When the partnership was announced in December 2020, Mark Nikolich, chief executive officer of Braskem America, said, “As the North American leader in polypropylene, Braskem is committed to evolving its feedstock portfolio to leverage more sustainable input sources and is currently evaluating various supply agreements and innovative projects to drive this shift. Our collaboration with Agilyx is just the most recent example of Braskem’s efforts to more holistically address the limited availability of propylene feedstock derived from postuse plastic in the market today.”

The A.Eon Holdings Pty Ltd. partnership is taking a different track. The company and Agilyx have signed a memorandum of understanding to evaluate the construction of a 50-ton-per-day commercial-scale plastics-to-energy facility using Agilyx’s technology in Melbourne, Australia, to convert mixed plastics into Agilyx Synthetic Crude Oil (ASCO). The ASCO produced at the site would be used by A.Eon to generate electricity for the Victorian state government’s redeveloped Footscray Hospital project and local industry, as well as to supply peak energy demand. This initial 50-ton-per-day focus is a starting point, with an option for additional commercial-scale facilities to be developed in Australia by A.Eon, Agilyx says.

Broadening its scope


Despite the focus on PS at the Regenyx site in Tigard, Agilyx says its conversion technology can handle a range of plastics, including mixed plastics. Stedman says at the Tigard site, Agilyx is testing other infeed materials and recycling pathways to broaden the scope of its technology.

“Agilyx has plastic-to-plastic conversion technology that can utilize a wide range of postuse plastic feedstock, including PET [polyethylene terephthalate], HDPE [high-density polyethylene], PVC [polyvinyl chloride], LDPE [low-density polyethylene], PP, PS, PMMA [polymethyl methacrylate] and more,” Stedman says. “Our technology converts these polymers into multiple commercial products, including styrene monomer, acrylic, propylene, naphtha, olefins, as well as fuels.”

The company recently was granted a patent continuation for its process of breaking down postuse PS into its chemical building block, styrene monomer.

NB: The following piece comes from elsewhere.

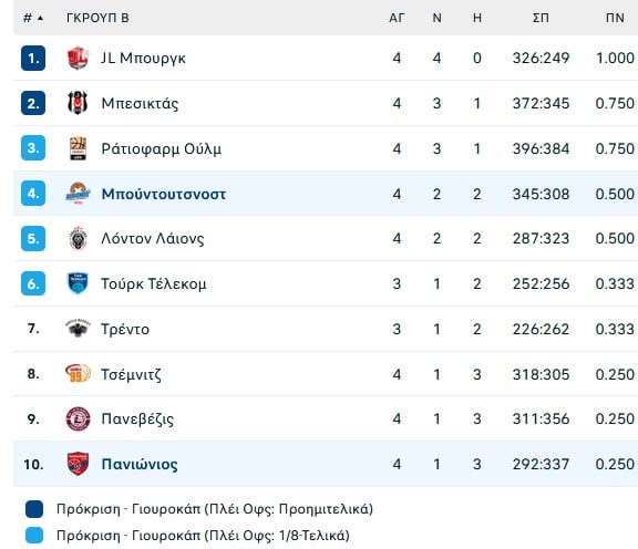 Εφιάλτης στην Ποντγκόριτσα για τον Πανιώνιο. H Μπουντούτσνοστ τον νίκησε… χαλαρά (91-63) αφήνοντάς τον στην τελευταία θέση της βαθμολογίας με μία μόλις νίκη (εντός με την Τσέμνιτζ στην παράταση 89-86) και τρείς πλέον ήττες.
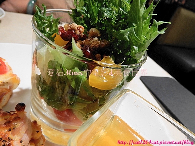 一旁還有附小番茄、堅果、生菜等,有和風醬&椒鹽可以沾著吃。

According to a news release from Agilyx, “The continuation of U.S. patent number 11,041,123 further confirms Agilyx’s depolymerization technology extends to the breaking down of all waste plastic polymers into their respective discrete monomers and is not only limited to polystyrene. This patent demonstrates the versatility of Agilyx’s innovation portfolio while continuing to advance its position as a leader in the depolymerization of waste plastics.”

“This patent continuation demonstrates the robustness and versatility of the Agilyx technology, not restricting our claims to polystyrene to styrene monomer,” says Chris Faulkner, chief technology officer at Agilyx. “Essentially, our process has not changed. We are using the same technology on the same machinery, though it may be operated in a slightly different way depending on the polymer. The recognition that this technology applies to a broader range of polymers is an exciting advancement in our mission to increase recycling and circularity of postuse plastics.”

Stedman says Agilyx’s goal is “to deliver the conversion of at least 1,500 tons per day of postuse plastic annually by 2030,” adding that the market is “very receptive” to Agilyx’s solutions and “competitive price point.”

He continues, “The entire plastics value chain is under pressure—from customers, consumers and regulators—to transform and redesign products and processes to create a more environmentally responsible life cycle—and to do so urgently. Agilyx is well-positioned to enable and accelerate the necessary change to make the circular economy a reality.”